While married and raising two sons, Humbert studied art history starting in 1929 at the Sorbonne and at the Louvre school, as well as philosophy and ethnography. Divorcing in 1934, she began working as an art historian at the Musée National des Arts et Traditions Populaires, publishing a book about painter Louis David in 1936.
Humbert documented her life from the fall of Paris in June 1940 in a diary, which was later published and translated into other languages. “I feel I will go mad, literally, if I don’t do something!” she wrote about the occupation of her country by the Germans. With museum colleagues Boris Vildé, Anatole Lewitsky, Jean Cassou and Yvonne Oddon, she formed the Groupe du musée de l’Homme, the first resistance group. The network grew quickly and would later provide information to the British.
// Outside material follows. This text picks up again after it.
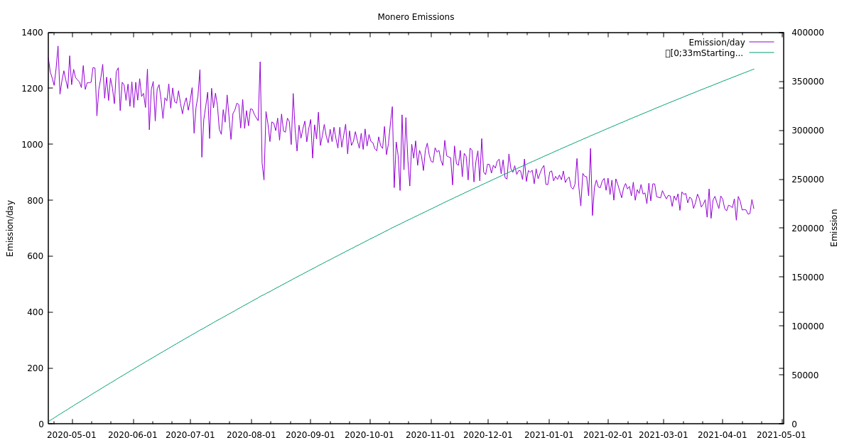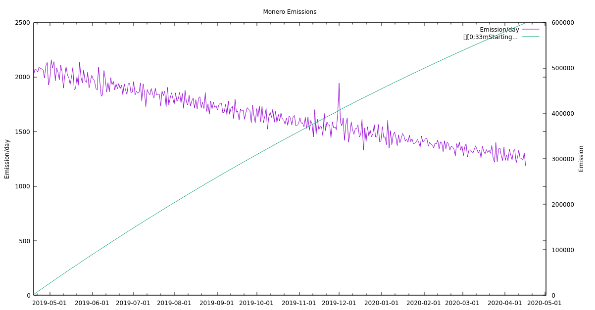 - Monero's emission per day dropped from ~1,200XMR to ~750XMR over the course of the year.

The leaders were betrayed and arrested in April 1941; Humbert recruited a replacement to carry on before she was arrested. Although they were sentenced to death, she was kept imprisoned instead, later learning that the male leaders had been killed by firing squad while the women were sentenced to five years forced labor and sent to to Anrath prison in Germany. She worked in dangrous conditions at the Phrix rayon factory in Krefeld, where workers routinely went blind, developed terrible skin conditions and died. Liberated by the Allies in June 1945, she participated in a “Nazi hunt,” organised soup kitchens for refugees and helped start the denazification process.
After the war, Humbert chose to work at the new National Museum of Modern Art, and continued to write books about art. Her diary was published in 1946 as Notre Guerre (Our War). She received the Croix de Guerre in 1949, with silver gilt palm for heroism.